April 25 (Bloomberg) -- Emirates NBD PJSC, the United Arab Emirates’ biggest bank, said net income fell 55 percent in the first-quarter as a gain from the sale of a stake in a subsidiary last year wasn’t repeated. The profit beat analysts’ estimates.
Net income dropped to 641 million dirhams ($175 million), or 10 fils a share, from 1.41 billion dirhams, or 24 fils a share, in the year-earlier period, the bank 56 percent owned by the Dubai government said in a statement to Nasdaq Dubai today. That topped the 570 million-dirham median estimate of three analysts, data compiled by Bloomberg show. Emirates NBD made 1.84 billion dirhams last year from selling 49 percent of its credit-card processing unit Network International LLC.
Banks in the second-largest Arab economy are recovering from a slowdown in lending triggered by the global financial crisis and a real estate crash in Dubai, which hurt investment banking and led to an increase in bad loans. Emirates NBD’s provisions, including for loan losses, fell 20 percent in the first quarter to 1.1 billion dirhams, pushing the ratio of non-performing loans to gross loans to 14.1 percent in March from 13.8 percent in December, the bank said.
The bank expects lending to rise by as much as five percent in 2012, Chief Financial Officer Surya Subramanian told reporters on a conference call today. Loan growth in the first quarter “is in line with our full-year expectation of a 4 to 5 percent growth,” he said.

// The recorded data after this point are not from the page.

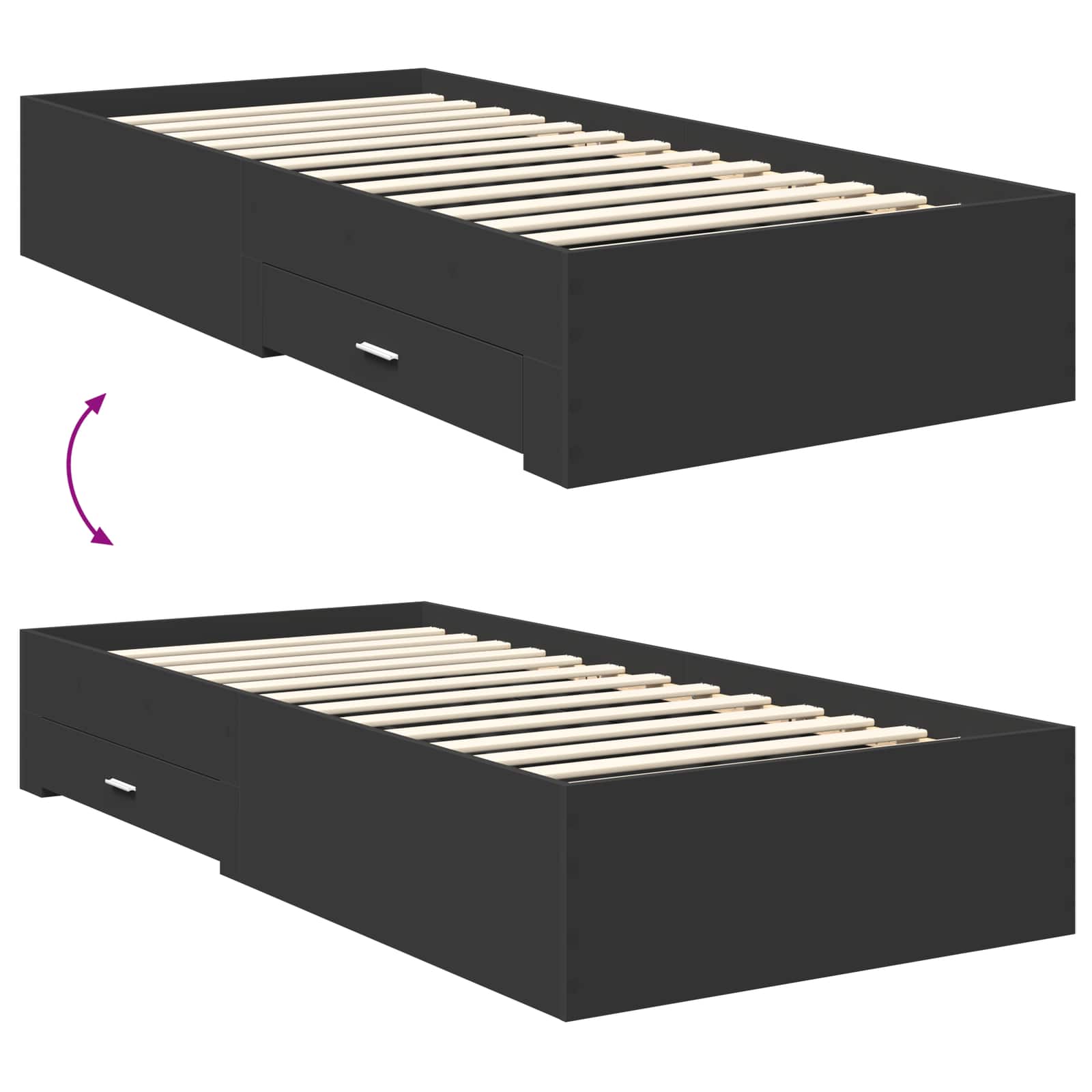 Mit diesem modernen Stauraumbettgestell kombinierst du Funktionalität und Stil auf entspannte Weise in deinem Schlafzimmer. Es hat das typische, schlichte Design mit klaren Linien und nicht viel Schnickschnack. So kannst du den Raum optimal nutzen, ohne dass es unordentlich wirkt. Das schlanke Design passt gut in jede Schlafzimmergestaltung und schafft eine einladende Atmosphäre. Holzwerkstoff-Konstruktion Aus robustem Holzwerkstoff gefertigt, ist dieses Bettgestell für den täglichen Gebrauch gemacht, behält aber gleichzeitig seinen modernen Look. Die hochwertige Verarbeitung sorgt für eine stabile Grundlage für ruhige Nächte und ist ganz leicht zu pflegen. Integrierte Stauraumlösungen Mit clever eingebauten Schubladen aus solidem Holzwerkstoff hast du genügend Platz für Klamotten oder Bettzeug. Das hält dein Schlafzimmer aufgeräumt und sorgt dafür, dass du auch Platz für andere Dinge schaffst. Verstellbares Fußteil Das manuell verstellbare Fußteil passt sich deinen Wünschen an. Egal ob für mehr Komfort oder einen speziellen Look, so kannst du das Bett flexibel einsetzen und ideal in dein Zimmer integrieren. Metallgriff Die praktischen Metallgriffe bieten einen leichten Zugang zu den Schubladen und bringen Stil. Die silbernen Griffe sind modern und erleichtern das Öffnen und Schließen. Einfache Pflege Die Pflege ist super einfach: Ein feuchtes Tuch reicht, um das Bett strahlend sauber zu halten. So bleibt es über lange Zeit in top Zustand und wird zum Blickfang in deinem Schlafzimmer.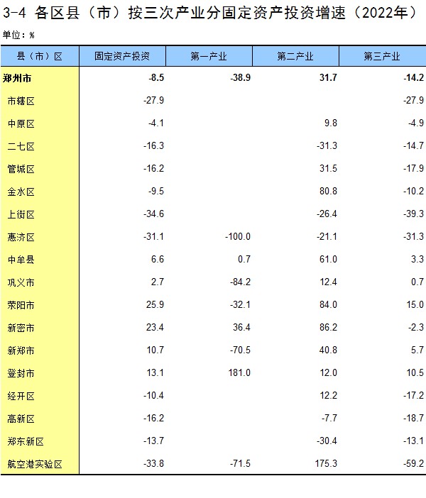 3-4 各区县(市)按三次产业分固定资产投资增速(2022年)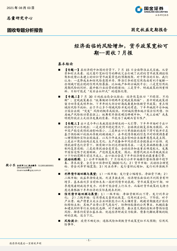 【国金证券】【20210803】固收7月报:经济面临的风险增加,货币政策宽松可期-22页
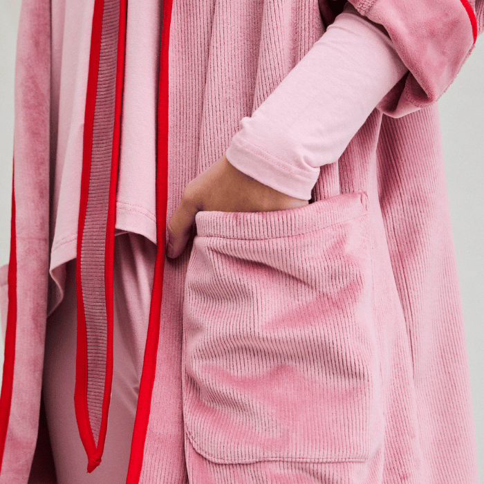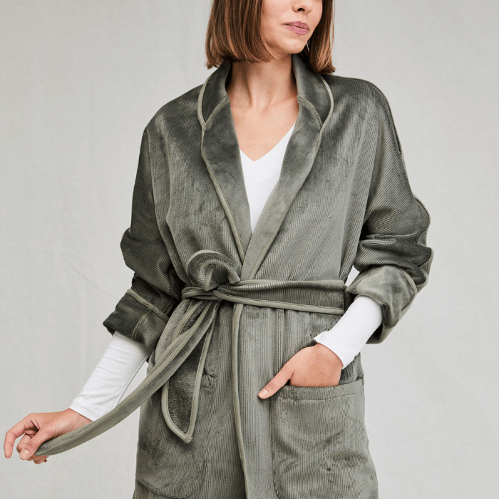 Bata kimono Doroti en colores verde olivo, café moro y rosa con laso y vivo - Parsons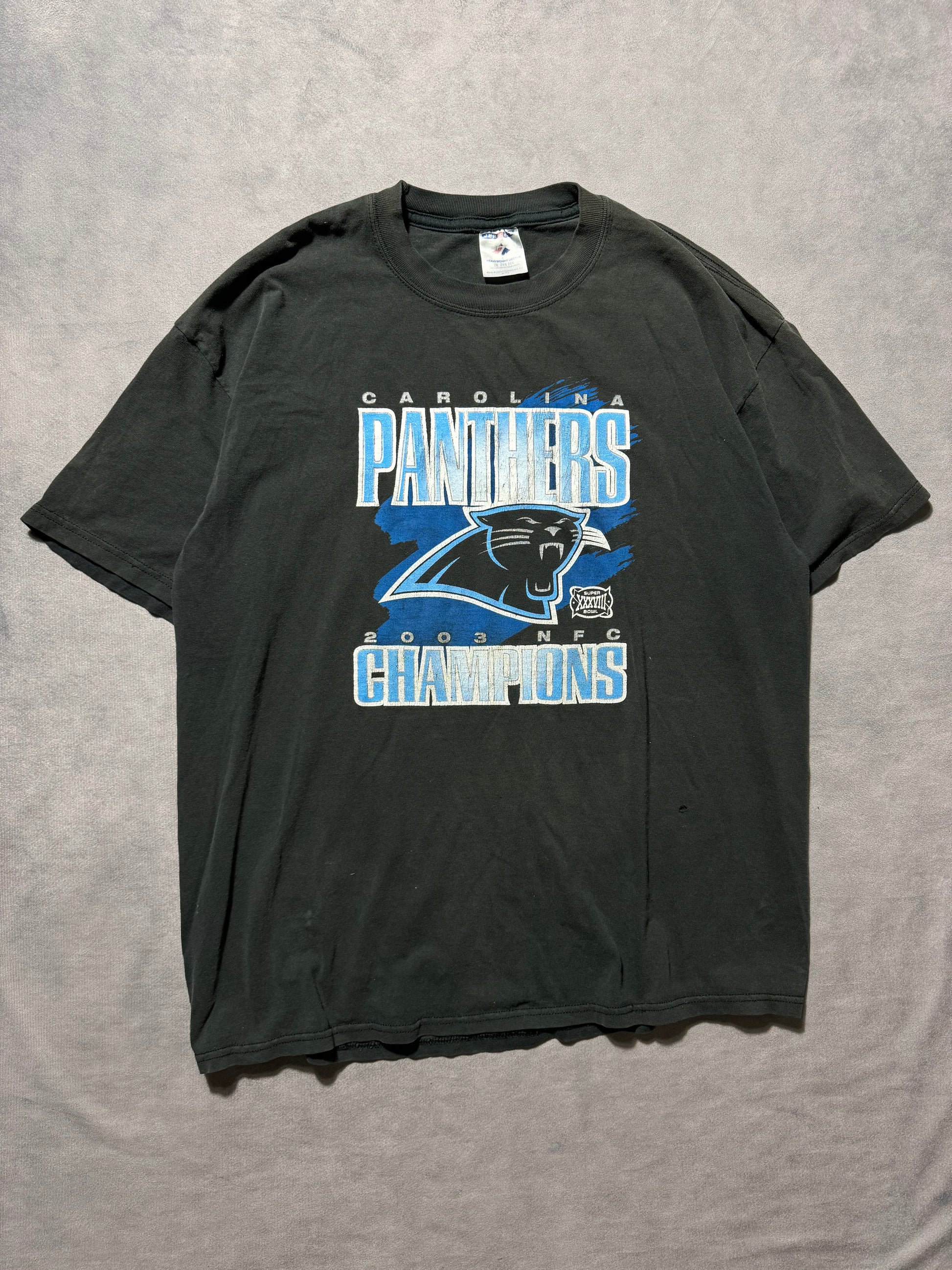 2003 Carolina Panthers Vintage Faded Black Distressed NFC Champions Super Bowl XXXVIII Tee (XXL)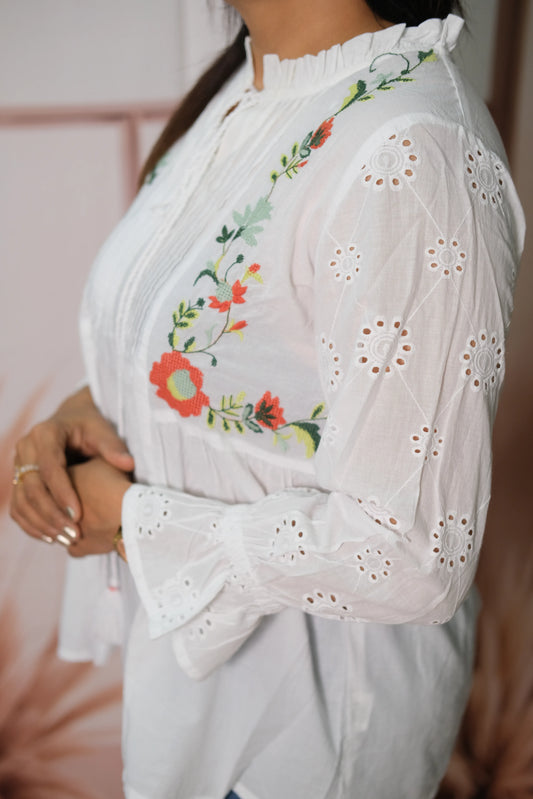 White Soft Cotton Pintex Short Top with Thread Embroidery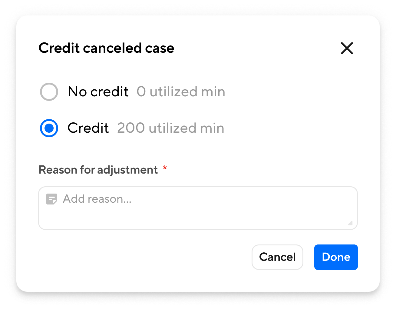 - Toggle between Credit or No Credit to update how the case is included in utilization calculations
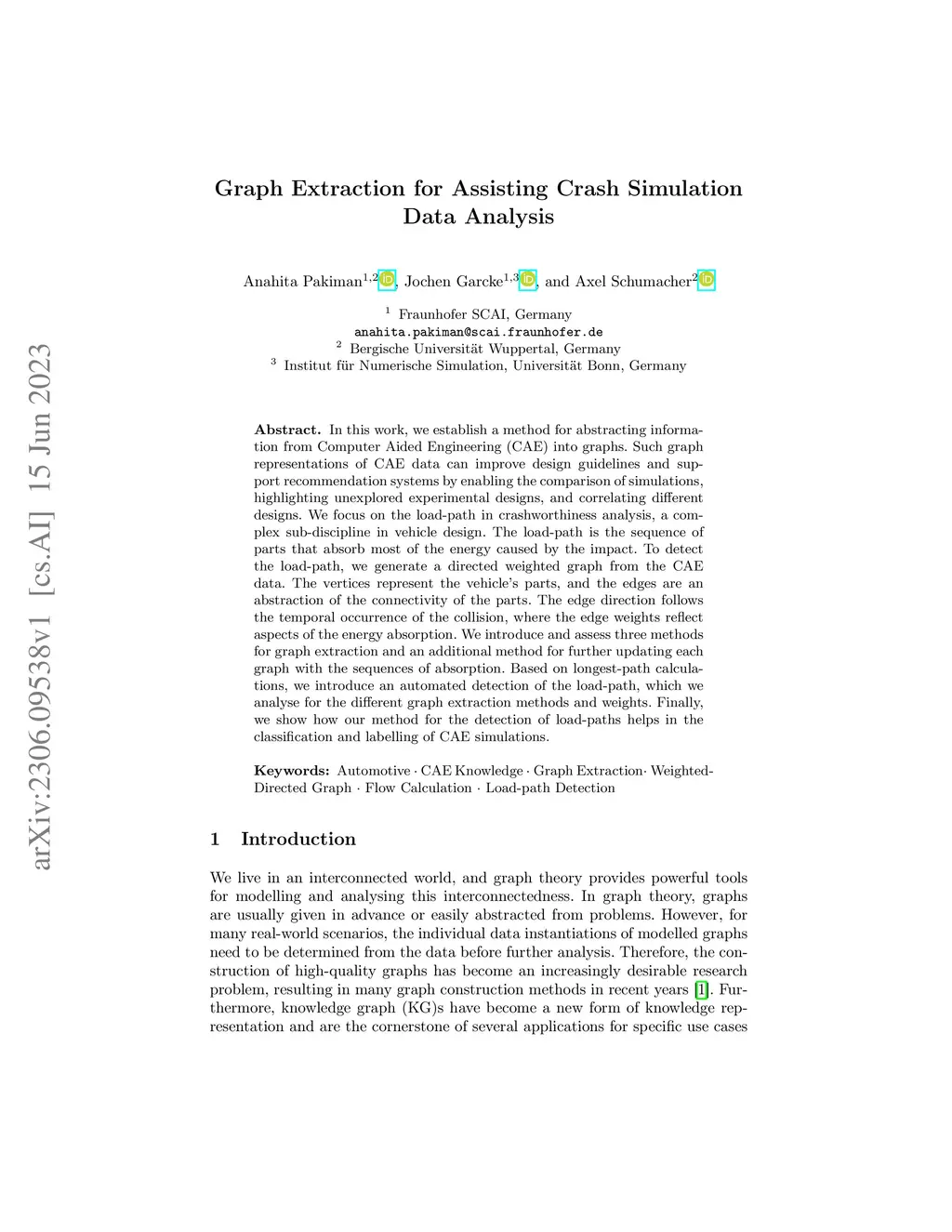 In this work, we establish a method for abstracting information from Computer Aided Engineering (CAE) into graphs. Such graph representations of CAE data can improve design guidelines and support recommendation systems by enabling the comparison of simulations, highlighting unexplored experimental designs, and correlating different designs. We focus on the load-path in crashworthiness analysis, a complex sub-discipline in vehicle design. The load-path is the sequence of parts that absorb most of the energy caused by the impact. To detect the load-path, we generate a directed weighted graph from the CAE data. The vertices represent the vehicle's parts, and the edges are an abstraction of the connectivity of the parts. The edge direction follows the temporal occurrence of the collision, where the edge weights reflect aspects of the energy absorption. We introduce and assess three methods for graph extraction and an additional method for further updating each graph with the sequences of absorption. Based on longest-path calculations, we introduce an automated detection of the load-path, which we analyse for the different graph extraction methods and weights. Finally, we show how our method for the detection of load-paths helps in the classification and labelling of CAE simulations.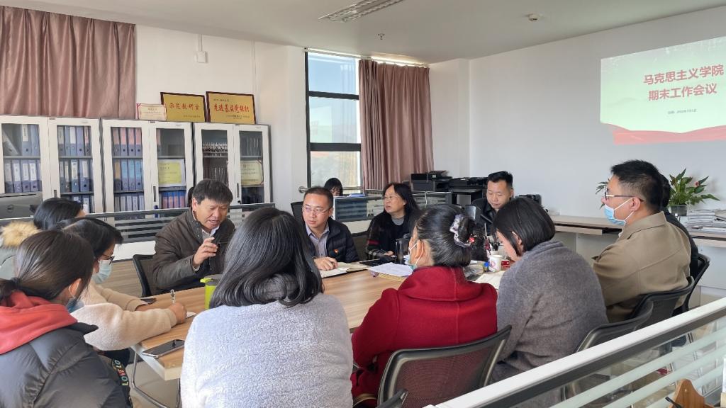 2022年1月5日上午,马克思主义学院召开期末工作会议,会议由副院长李兴旺主持,全体教师参会。党委书记张云学参加会议。

Emirates NBD and its unit have already raised 7.4 billion dirhams this year from bond sales and private placements, Subramanian said. The bank’s loan book was unchanged at 204.1 billion dirhams at the end of March compared with December. Deposits rose 8 percent from December to 208.5 billion dirhams.
Although funds from bond sales “comes to us at a higher cost, the impact of which will flow through from the second quarter, we expect this to be offset by the excellent performance in retail deposit growth,” he said.
First-quarter net interest income rose 8 percent to 1.78 billion dirhams, while non-interest income jumped 49 percent to 909 million dirhams, the bank said. Net interest margin, the difference between what the bank earns from loans and what it pays out on deposits, fell to 2.63 percent in the quarter from 2.85 percent in the fourth quarter last year, the bank said.
“These results reflect the concern that we have about asset quality,” Shabbir Malik, an analyst at EFG-Hermes Holding SAE said in a phone interview from Dubai today. Revenue has increased “mainly because of stronger investment returns, but the interest income is down because of lower spreads,” he said.
The lender’s shares fell 2.8 percent to 2.81 dirhams at the close in Dubai today, extending their decline this year to 4.4 percent. That compares with a 7.4 percent gain in the Bloomberg GCC 200 Financial Index.
Emirates NBD said it expects its non-performing-loan ratio to rise to between 14 percent and 15 percent this year and as high as 16 percent in 2013. The bank is one of the biggest lenders to investment company Dubai Group LLC, which is in talks with banks to reschedule $6 billion of loans.
Emirates NBD is assessing the impact of new central bank rules on limiting lending to the emirate’s government and state-owned companies and will discuss the issue with central bank, Chief Executive Officer Rick Pudner said in the call.
U.A.E. banks can lend no more than 100 percent of their capital to local governments and the same to government-related entities, the central bank said April 4. There was no limit under previous rules. Emirates NBD’s exposure to sovereign loans was 130 percent of regulatory capital at the end of 2011, according to the 2011 financial statements.
The new rules “will affect the levels of allowable lending to various government entities,” said Pudner. “It will have an affect but we need to sit down along with other banks and also the central bank to discuss the overall timing of this impact and how we are going to address it.”